Filling in the Cracks with Hardy Sedums

Sedums can fill unusual spaces in the garden, like this V-shaped gap in the garden.

Sedums can fill unusual spaces in the garden, like this V-shaped gap in the garden.

Perennial Sedums, the winter hardy version of succulents, are tough. Remember, if you like succulents, there are two kinds, the tender ones that can’t survive freezing temperatures—like echeveria, jade plants, burro’s tail—and these, commonly called Hens and Chicks or stonecrop, which are perfectly able to withstand Canadian winters. There is always a space where you can fit a few in your garden. And there are so many named varieties of hardy sedum to choose from. Colours range from green, blue-green, and pink all the way to deep purple. One of my favourite new varieties that does well in dry shade is bright yellow-green ‘Angelina’, which turns orange in the fall.

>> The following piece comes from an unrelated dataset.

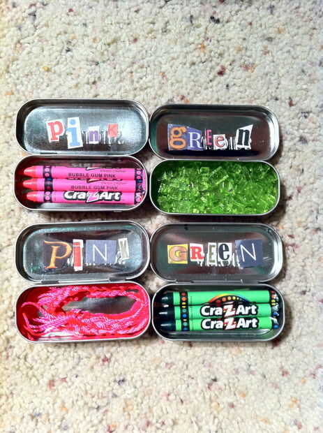 También hicimos algunos que fueron partidos de color... Cadena y lápices de colores, tanto rosa. Chips y lápices de colores, tanto verde...

‘Angelina’ sedum turning orange in September.


The sustainable approach to gardening is to make sure you have growing plants covering soil, rather than on relying on mulch. Avoid bare soil at any cost. Instead, use low ground covers for any garden bare spots. Sedums work especially well in garden crevices, as seen in the picture above. They are true ground huggers and help to stop erosion on slopes. This sedum patch above, is growing on a slope, where even mulch would be regularly washed away.

Sedums flowers are like something from outer space.

Sedum flowers are like something from outer space.

Hens and Chicks are the ground hugging sedums, and are mostly grown for their rosettes of foliage. However when they do put up a rare flower, which appear in clusters at the end of a tough stalk, they are positively outer-space looking. I find them fascinating.  All sedums are a low-maintenance gardeners dream. The short ones you need do absolutely nothing with, apart from pulling out a rare weed that may infiltrate a rare gaps. The picture above shows a tiny one at left.

The taller sedums, like ‘Autumn Joy’ and its many versions make neat mounds in the garden about a foot and a half high. The only maintenance a taller sedum requires is a haircut in early spring to cut off the dead stems and flowers. ‘Autumn Joy’ sedum begins to flower in August and September and continues till frost. These look best when you plant several together to make an impact. And the flowers are loved by bees and other pollinators. They are great paired with grasses and late summer flowering perennials like ‘Goldsturm’ rudbeckia.